Tuesday, October 1, 2013

OT: The Wreck of the Andrea Doria (1956)

LIFE Magazine partial cover, August 6, 1956, 20 Cents


It's hard to explain how extraordinary this issue of LIFE Magazine was to me when I was not yet eight years old. The story of the wreck of the Andrea Doria off the coast of Nantucket blew me away, in part because there were children involved, and I strongly identified with them. I know I kept this issue of LIFE Magazine for many years after the disaster.

That most of the children  survived the sinking of the Andrea Doria was remarkable. But some of them did not survive. I was glad for the survivors -- like Linda Morgan and Dickie, Ruth Roman's son -- and I was heartbroken for those who were lost for there were so many children among the dead.

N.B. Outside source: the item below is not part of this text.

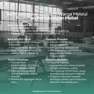 Distriknews.co, Kutai Kartanegara – Dalam rangka meningkatkan kemandirian ekonomi masyarakat, Dinas Tenaga Kerja dan Transmigrasi (Disnaker) Kukar menggelar pelatihan pertukangan mebel selama lima hari di Kelurahan Baru, Kecamatan Tenggarong. Sebanyak 10 peserta, sebagian besar dari Kelurahan Baru dan termasuk dalam Data Terpadu Kesejahteraan Sosial (DTKS), mengikuti program ini dengan antusias.

I was reminded of my childhood fascination -- and horror -- at the wreck of the Andrea Doria during our attendance at the New Mexico PBS Science Cafe on the topic of "Why Ships Sink."

Afterwards, we took in the Titanic artifact exhibit at the Natural History Museum, a very dimly lit exhibition of not a lot of things pulled up from the abyss where the pieces of the Titanic have rested and rusted and disintegrated since 1912.

Even though it was rather sparse, the exhibit was nevertheless moving. One reason was that each person attending was given a boarding pass with the name of one of the passengers on the Titanic and each of us was asked to find that person on the list of those who survived and those who were lost when the ship went down. This list was posted at the end of the exhibit. I found my passenger right off, among the first class survivors. While it was something of an emotional relief to find him among the survivors, the list of the dead was far, far greater than that of those who survived, and I found myself breathing hard at the sheer magnitude of the loss of life.

None of the speakers at the Science Cafe mentioned the sinking of the Andrea Doria, which  had been featured on an episode of "Secrets of the Dead," but I couldn't stop thinking about it then and since.

It made that much of an impression on me so many years ago. Just as the sinking of the Titanic left an indelible impression on an earlier generation, and the wreck of the Costa Concordia will no doubt leave an impression on the current one.